Rankin then dismissed the case on Aug. 15. The plaintiffs, represented by Domonkos & Thorpe LLC in Cheyenne, appealed the case to the 10th Circuit.
But the decisions the industry has been waiting months for are in the 4th Circuit and 8th Circuit U.S. Court of Appeals. Lower court rulings in Kentucky and Virginia came to opposite views on whether states can ban HDC products. An injunction has been placed on Kentucky’s state law banning synthetic hemp-derived THC substances, while a U.S. District Court judge in Virginia has upheld that state’s law limiting “total THC” in products.
Both cases – Bio Gen LLC, et. al. vs. Sarah Huckabee Sanders, et al. and Northern Virginia Hemp and Agriculture LLC, et. al. vs. The Commonwealth of Virginia, et al. – remain pending.
Oral arguments in the Virginia case were held in May, but the court hasn’t yet issued a ruling. In the meantime, the state has been actively enforcing the law under a new Office of Hemp Enforcement in the Department of Agriculture and Consumer Services. Since the law took effect on July 1, 2023, through July 2024, the office has fined 389 businesses more than $12.4 million for over 20,000 violations, reported the Cannabis Business Times.

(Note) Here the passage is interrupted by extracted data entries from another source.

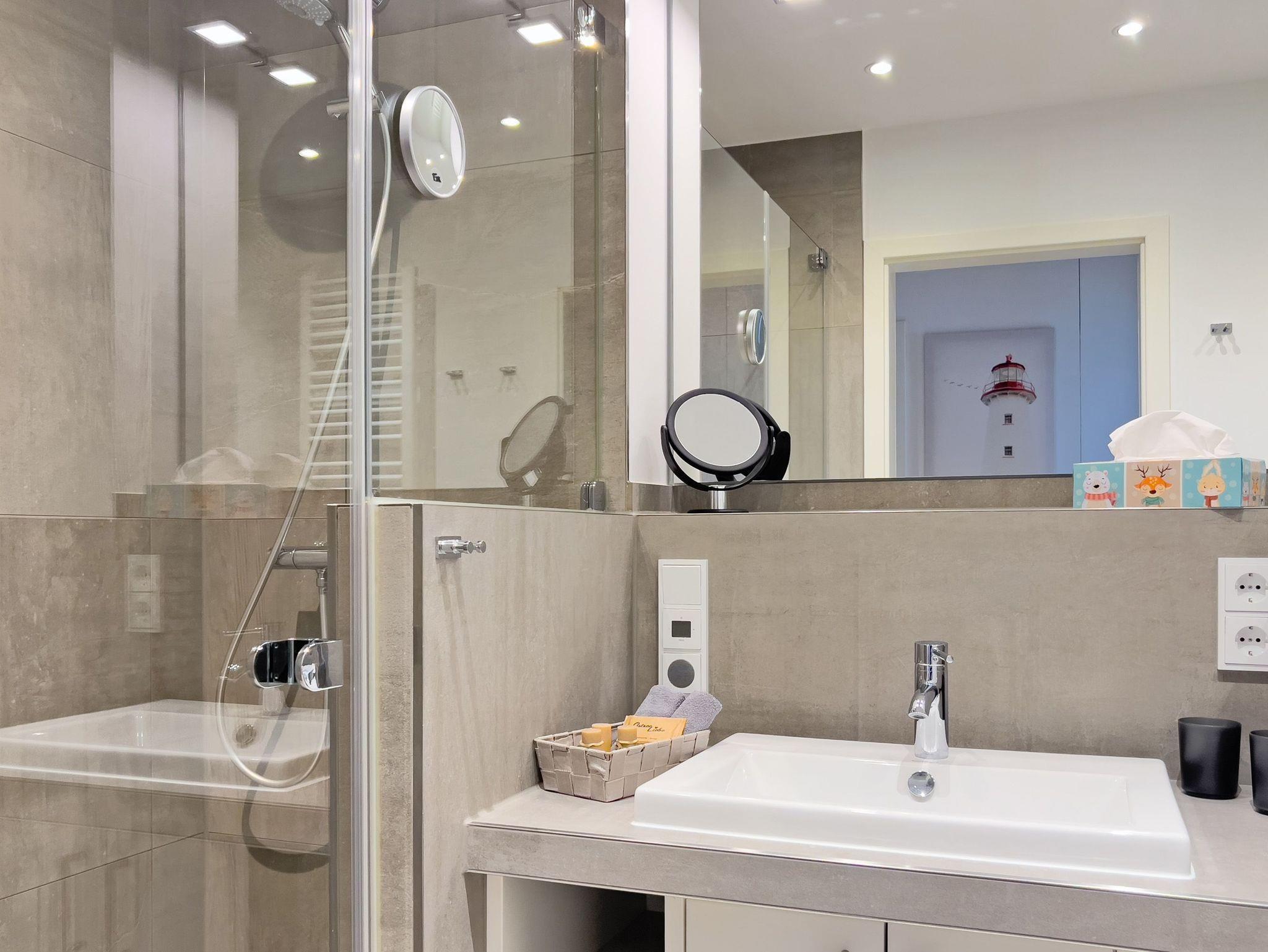 • Badezimmer: Elegantes Bad mit bodentiefer Dusche, Fußbodenheizung und hochwertigen Armaturen für zusätzlichen Komfort.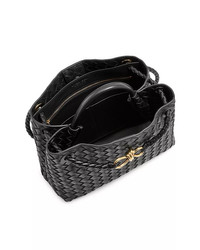 PRODUCT DETAILS - Top handle, 3.7" drop - Shoulder strap, 17.7" drop - Dimensions: 12.8"W x 4.7"D x 9.4"H - Magnetic closure - Two interior compartments - Two interior slip pockets and one zip pocket - Signature intrecciato woven leather - Knotted metallic embellishment - Brass-tone hardware - Lined - Leather - Made in Italy Web ID: 4805921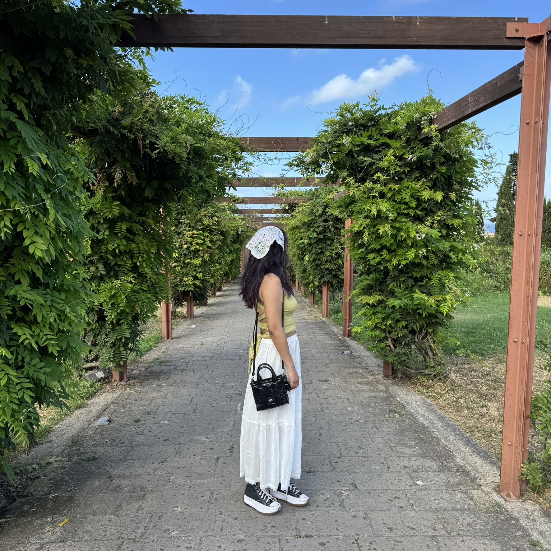 My girlfriend standing in Ercolano, Italy, surrounded by vines.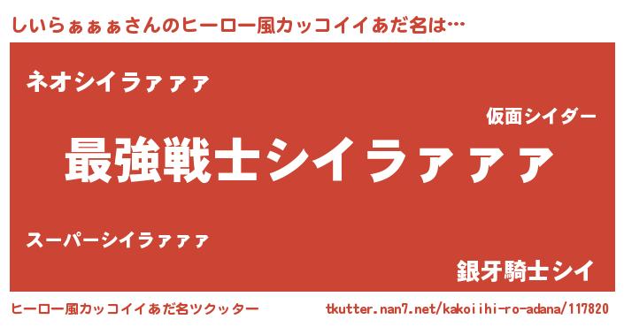 | 男性向けラノベタイトル風あだ名 | 『Re:しいらぁぁぁから始める異世界生活』 |

Meanwhile, in Iowa, cannabis beverage makers Climbing Kites and Field Day Brewing Co. dropped their legal challenge after a federal judge denied their motion for a temporary restraining order to block enforcement of HF 2605, which was signed by the governor in May and took effect July 1.
The companies claimed that new THC limits on beverages to 4 mg per serving and 10 mg per container were unconstitutionally “vague beyond comprehension.”
In her July 25 order denying the motion, Chief Judge Stephanie M. Rose of U.S. District Court for the Southern District of Iowa, Southern Division, said the Iowa Department of Health and Human Services’ filing of final emergency rules on July 17, “ends the inquiry into a due process claim based on constitutional vagueness. Accordingly, Plaintiffs have not established that they are more likely than not to succeed on their claim and a preliminary injunction on that basis is unwarranted.”
Climbing Kites and Field Day Brewing then filed to dismiss the case without prejudice on Aug. 8.
Another federal lawsuit challenging hemp law in Alaska remains pending, as do cases in Texas and Maryland state courts.